Finding themselves subject to scrutiny by three bodies: the Securities and Exchange Commission (SEC), the US equivalent of the Financial Services Authority in the UK, the US Congress and the Institute of Chartered Accountants (ICA), which works to regulate the accountancy industry itself, Arthur Andersen found itself with no clients and its reputation left in tatters. The remaining large accountancy firms swallowed up its partnerships around the world. This left only the Big Four.
So Who Are the Remaining Four?
Listed in descending order of revenue for the global partnerships for years ending 2004, the four remaining big accountancy firms are:
- PricewaterhouseCoopers (PWC)
- Ernst & Young (EY)
- KPMG (Klynveld Peat4, Marwick Goerdeler)
- Deloitte (Deloitte Touche Tohmatsu or DTT5)
So What Do They Do and What Makes Them the 'Big Four'?
Put simply, the Big Four control the top end of the accountancy market. These are huge multinational partnerships with revenues measured in billions of pounds. The Big Four act as auditors, accountants, tax advisers, business advisers, corporate finance advisers, insolvency practitioners and administrators and consultants to the largest companies in the world. Over 80% of the companies in the FTSE 100, the DOW, the Nikkei, the Hang-Seng and every other major market in the world will be audited by one of the Big Four. These are the largest accountancy companies, and the company that ranks fifth in size6 is considerably smaller. It would be like comparing Spar with Tesco.
Isn't This a Bad Thing?
That is a rather interesting question. The problem is that to audit a company the size of, say, BP requires vast resources. You need people around the globe working together and in large numbers. You need specialists in banking (BP has its own internal bank), insurance (BP partly insures itself through captive insurance) and investments (BP has huge amounts of money in stocks, bonds, buildings and of course oil), not to mention specialists in the petro-chemical industry. The only place you will find all of these skills is in an organisation large enough to support them all. Hence the Big Four emerged through a succession of mergers. Companies could go elsewhere, but investors would think the audit a bit suspicious if they felt the auditors were not up to the job, so most will not move away from the Big Four, resulting in a perpetual circle.
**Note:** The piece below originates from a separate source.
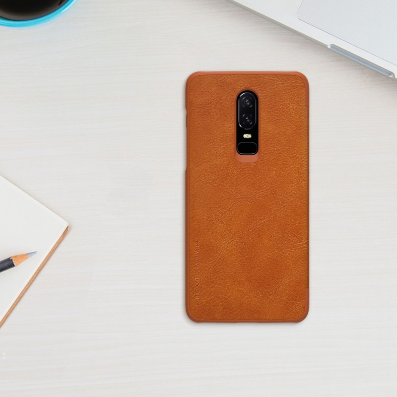 „Nillkin“ Qin atverčiamas dėklas - rudas (OnePlus 6)

Is this limited market a bad thing? Technically, no: there is a choice, and in addition shareholders can refuse to appoint the chosen auditor at the Annual General Meeting (AGM). In this case the directors would need to appoint new auditors and have them approved in an Extraordinary General Meeting (EGM). However, the Big Four also act as advisers and consultants and some people feel that this creates a conflict of interest, as auditors are supposed to be independent.
In recent years, many UK watchdogs, calling for greater diversity, have asked the Government to do two things. The first is to put in place a time limit on which any one accountancy firm can be the auditor of a Public Limited Company, i.e a company that is floated on one of the various stock exchanges. However, understanding the complexities of a large business such as the aforementioned BP takes a lot of work and this can make changing auditors a troublesome and expensive business. The second thing being pushed for is to ensure more of the large companies use 'second tier' auditors — those outside the Big Four. The issue is how to achieve this without affecting the reputations and hence the share prices of the Big Four. It would be difficult to force companies to choose a second tier auditor, as they would first need to be clearly defined. In addition, as the audit of privately-owned companies is specifically for the benefit of the shareholders rather than the other stakeholders, such as the public, the Government and the company's suppliers and customers, it is not really for the Government to choose who the auditors should be.
Another issue is the influence these companies have on the regulation of the accountancy world itself. These four firms are able to ignore certain directions that come from the accountancy institutes on, for example, working practices, due to their collective size and the lack of choice to their customers. They also have a huge influence on audit guidelines for large companies, as they are the only companies with experience in auditing large companies. The undue influence is hard to avoid and is another cause for concern. In the UK, this is mitigated by the fact that the Financial Services Authority does have the ability to make practices issued by the institutes legally binding.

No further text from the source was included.